[Data provided]:
---
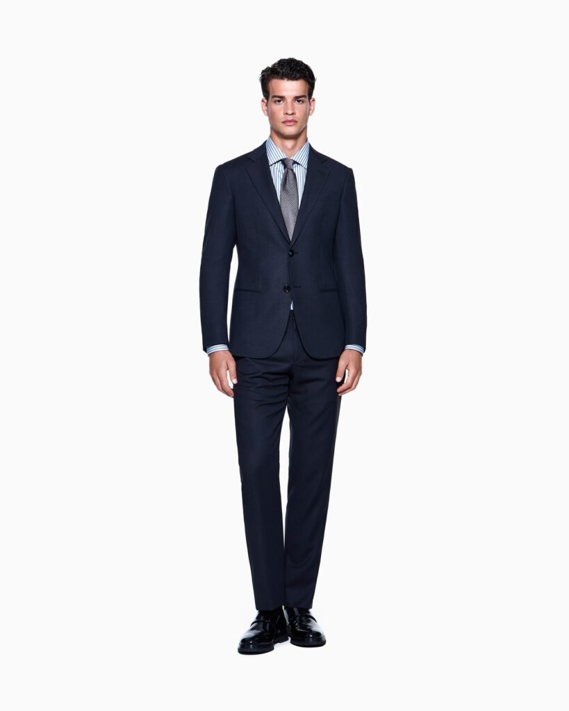 Giorgio Armani idzie w przeciwnym kierunku: miękkie konstrukcje, lekkie materiały, minimalistyczna elegancja. To garnitur dla kogoś, kto chce wyglądać bez wysiłku i czuć się komfortowo przez cały dzień.
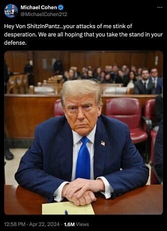 Todd Blanche will be for the rest of his life known as the buffoon who stood up in court and tried to convince a judge that it was okay for his client to violate his gag order — because Michael Cohen called him Von ShitzInPantz.
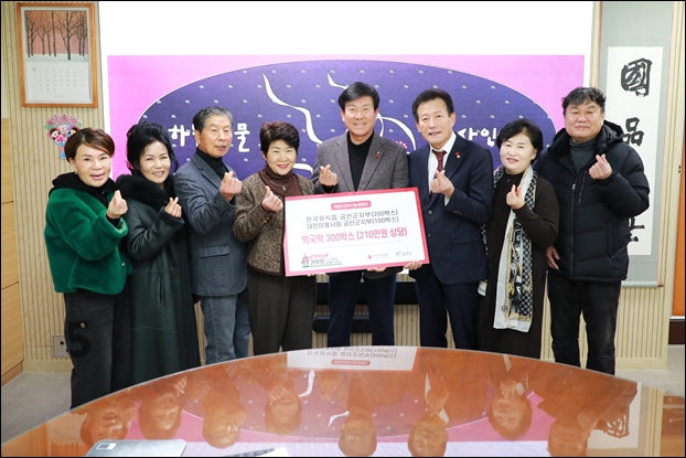 Çѱ¹¿Ü½Ä¾÷Áß¾Óȸ ±Ý»ê±ºÁöºÎ(ÁöȸÀå ±èâÇö)¿Í ´ëÇѹ̿ë»çȸ ±Ý»ê±ºÁöºÎ(ÁöȸÀå ¼­Á¤¾Ö)´Â Áö³­ 10ÀÏ ±Ý»ê±ºÃ»À» ã¾Æ ÃÑ 210¸¸¿ø »ó´çÀÇ ¶±±¹¶±(2kg) 300¹Ú½º¸¦ ±âŹÇß´Ù.
---
[Your goal]:
The result should be a word-for-word restatement of all the data, without images.

[Reply]:
 Giorgio Armani idzie w przeciwnym kierunku: miękkie konstrukcje, lekkie materiały, minimalistyczna elegancja. To garnitur dla kogoś, kto chce wyglądać bez wysiłku i czuć się komfortowo przez cały dzień.
 Todd Blanche will be for the rest of his life known as the buffoon who stood up in court and tried to convince a judge that it was okay for his client to violate his gag order — because Michael Cohen called him Von ShitzInPantz.
 Çѱ¹¿Ü½Ä¾÷Áß¾Óȸ ±Ý»ê±ºÁöºÎ(ÁöȸÀå ±èâÇö)¿Í ´ëÇѹ̿ë»çȸ ±Ý»ê±ºÁöºÎ(ÁöȸÀå ¼­Á¤¾Ö)´Â Áö³­ 10ÀÏ ±Ý»ê±ºÃ»À» ã¾Æ ÃÑ 210¸¸¿ø »ó´çÀÇ ¶±±¹¶±(2kg) 300¹Ú½º¸¦ ±âŹÇß´Ù.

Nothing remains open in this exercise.